You ask "The computer's memory by sticking a tag to this place...": that's impossible (with current computer architectures - thanks for the hint from #Ivan). The memory itself is just 8 bits (being 0 or 1) ber byte. There is no place in memory that can tag a memory cell with whatever additional info.
There are other languages (e.g. LISP, and to some degree also Java and C#) that store an integer as a combination of the 32 bits for the number plus a few bits or bytes that contain some bit-encoded tagging that here we have an integer. So they need e.g. 6 bytes for a 32-bit integer. But with C, that's not the case. You need knowledge from the source code to correctly interpret the bits found in memory - they don't explain themselves. And there have been special architectures that supported tagging in hardware.

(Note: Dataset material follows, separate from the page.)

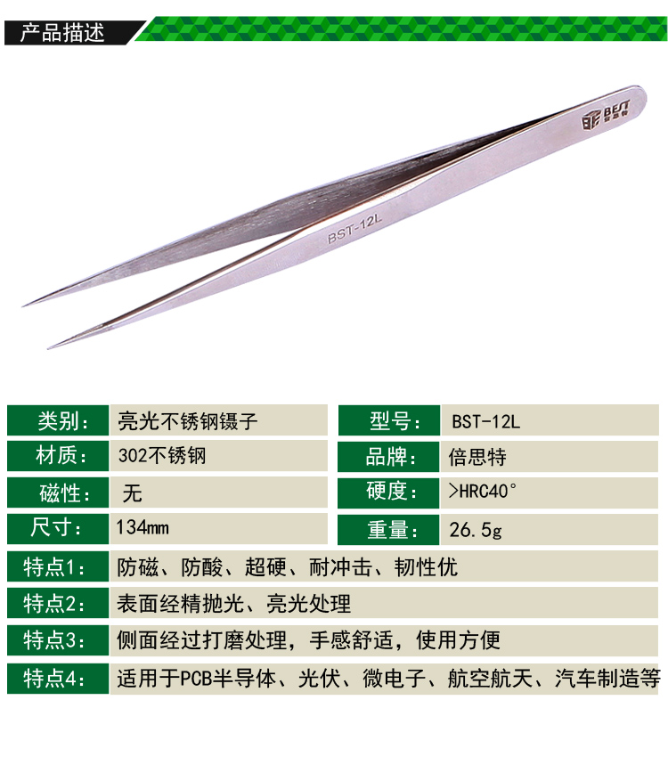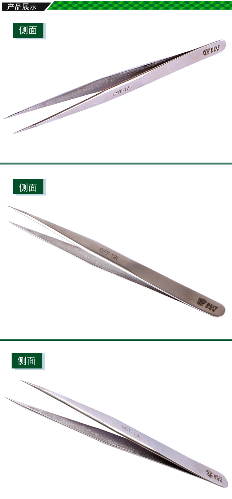 ? 產品名稱: 亮光鑷子 不銹鋼鑷子? 產品型號: BST-12L? 產品類別: 鑷子系列

In C, memory is untyped; no information beyond its value is stored there. All type information is computed at compile time from the type of an expression (a variable name, a value computation, a pointer dereferencing etc.) This computation depends on the information the programmer provides through declarations (also in headers) or casts. If that information is wrong, e.g. because a function prototype's parameters are declared wrong, all bets are off. The compiler warns about or prevents mis-declarations in the same "translation unit" (file with headers), but between translation units there are no (or not many?) protections. That's one reason why C has headers: They share common type information between translation units.
C++ keeps this idea but additionally offers run time type information (as opposed to compile time type information) for polymorphic types. It's obvious that every polymorphic object must carry extra information somewhere (not necessarily close to the data though). But that is C++, not C.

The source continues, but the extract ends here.